Biographies: Simon de Givry obtained his PhD in 1998 (Toulouse, France) on simplification and lower bounding techniques for constraint optimization. From 1998 to 2002, he worked in a private research company on hybrid search methods in constraint programming for solving real-time combinatorial applications. He joined Thomas Schiex's bioinformatics team (INRA, Toulouse) in 2002. His main topic of research interest is the application of soft constraint techniques to new domains, and in particular in bioinformatics. His recent publications concern new lower bounds for constraint optimization and their combination with an exploitation of the problem graph structure. This work has been applied with success on a large-scale problem in genetics (pedigree analysis), currently in use at INRA. In collaboration with researchers in Toulouse, Barcelona, Munich, and Hong Kong, he co-managed a collaborative and open-source constraint optimization platform toolbar/toulbar2, the winner of several solver competitions (UAI-10, UAI-08, MAXCSP-08, MAXCSP-06, MAXSAT-06).

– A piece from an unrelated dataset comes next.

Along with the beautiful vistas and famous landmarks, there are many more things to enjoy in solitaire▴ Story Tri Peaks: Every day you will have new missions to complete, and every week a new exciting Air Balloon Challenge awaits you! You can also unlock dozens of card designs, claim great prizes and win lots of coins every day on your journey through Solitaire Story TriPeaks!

He has co-organized several international workshops on soft constraints.

Martin Cooper obtained his PhD in Computer Science in 1987 from Sheffield University and has held research and teaching posts in universities in England, Australia and France. Since 1993 he has been a Computer Science professor at the University of Toulouse 3. Although his main research area is constraints and, in particular, soft constraints, he has also written two books on computer vision as well as articles in computational linguistics and planning. He has worked with Thomas Schiex and Simon de Givry on various generalisations of local consistency to optimisation problems. A longstanding collaboration with Peter Jeavons and David Cohen has led to several contributions to the theory of tractable classes of constraint problems.

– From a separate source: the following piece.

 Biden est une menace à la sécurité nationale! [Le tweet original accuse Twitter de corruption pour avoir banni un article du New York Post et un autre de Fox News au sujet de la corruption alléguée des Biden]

Peter Jeavons obtained his PhD in Compuer Science in 1990 from the University of London after a brief spell in industrial software development. He worked at Royal Holloway, University of London, with David Cohen, for over 10 years and is now Professor of Computer Science at the University of Oxford. His research interests are in the complexity of constraint satisfaction, and in bioinformatics.

Abstract: Although the term 'backdoor' is a recent addition to the lexicon of constraint programming and satisfiability, the importance of structure in combinatorial problem solving has been recognised and exploited for decades. The exploitation of structure in SAT, coupled with frequent solver competitions, has significantly advanced the reach of systematic SAT solvers. In this tutorial I will present an overview of backdoors in satisfaction problems. I will discuss backdoors as both descriptive as well as predictive phenomena, and show examples of how they can be exploited in practice. Finally I will make connections between the notion of backdoors in satisfaction problems and the field of fixed parameter tractability.

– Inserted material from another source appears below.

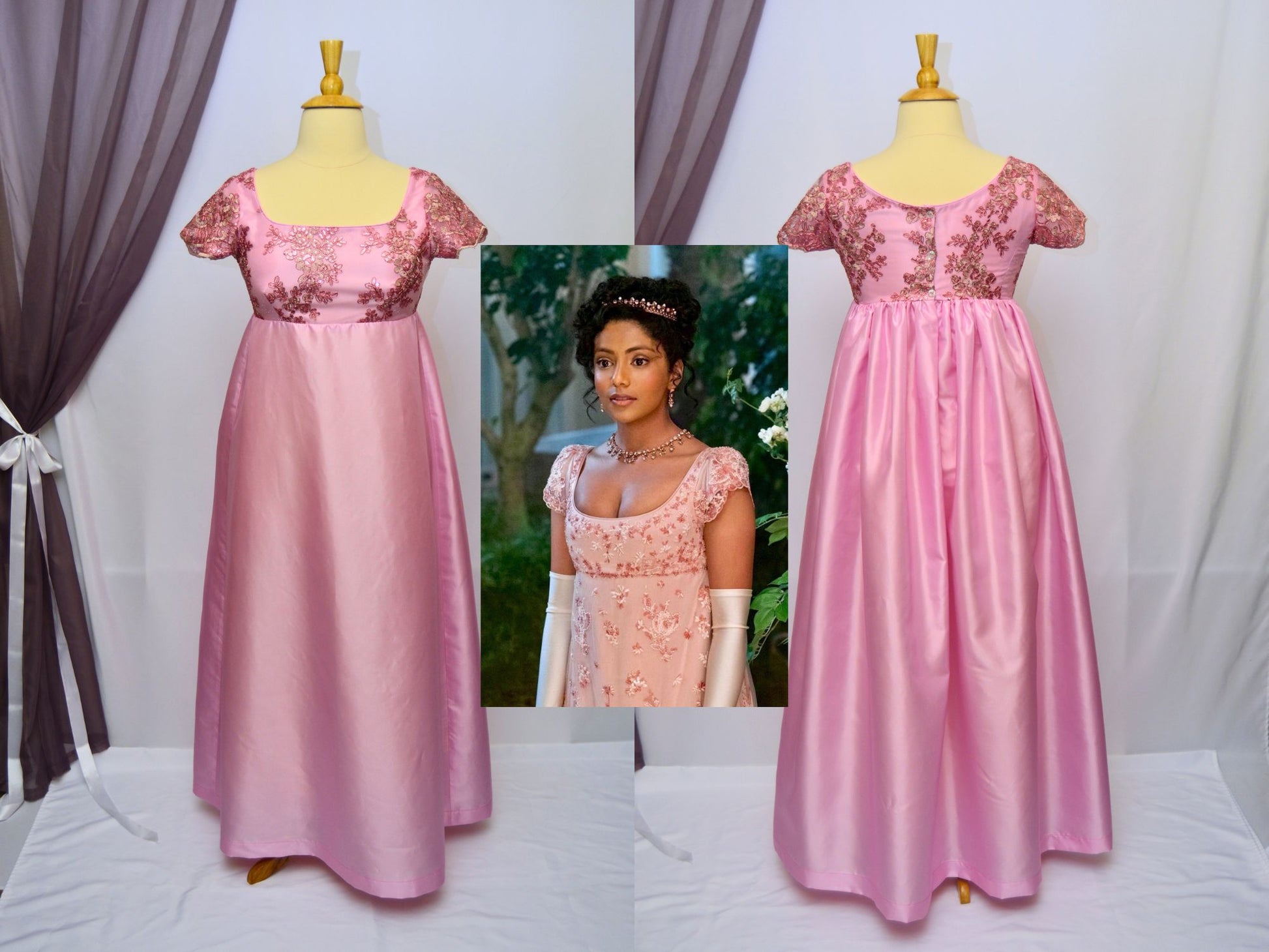 Live your Bridgerton dreams in this high-quality. Regency era ball gown. Whether you are an attendee at an event, an actress in theatre, or an avid admirer of the Netflix show Bridgerton, this dress will make you feel like the diamond of the season.

Bio: Barry O'Sullivan is a senior lecturer in constraints at the Department of Computer Science at University College Cork in Ireland. He is the associate director of the Cork Constraint Computation Centre, Science Foundation Ireland principal investigator, president of the Association for Constraint Programming, chairman of the Artificial Intelligence Association of Ireland, coordinator of the European Research Consortium for Informatics and Mathematics (ERCIM) Working Group on Constraints, and a member of the Executive Council of the Management Science Society of Ireland. His research interests include real-world applications of artificial intelligence, constraint programming and optimization technologies. In July he gave an invited talk at AAAI 2010 entitled "Constraint Programming and Artificial Intelligence: Challenges, Applications and Opportunities".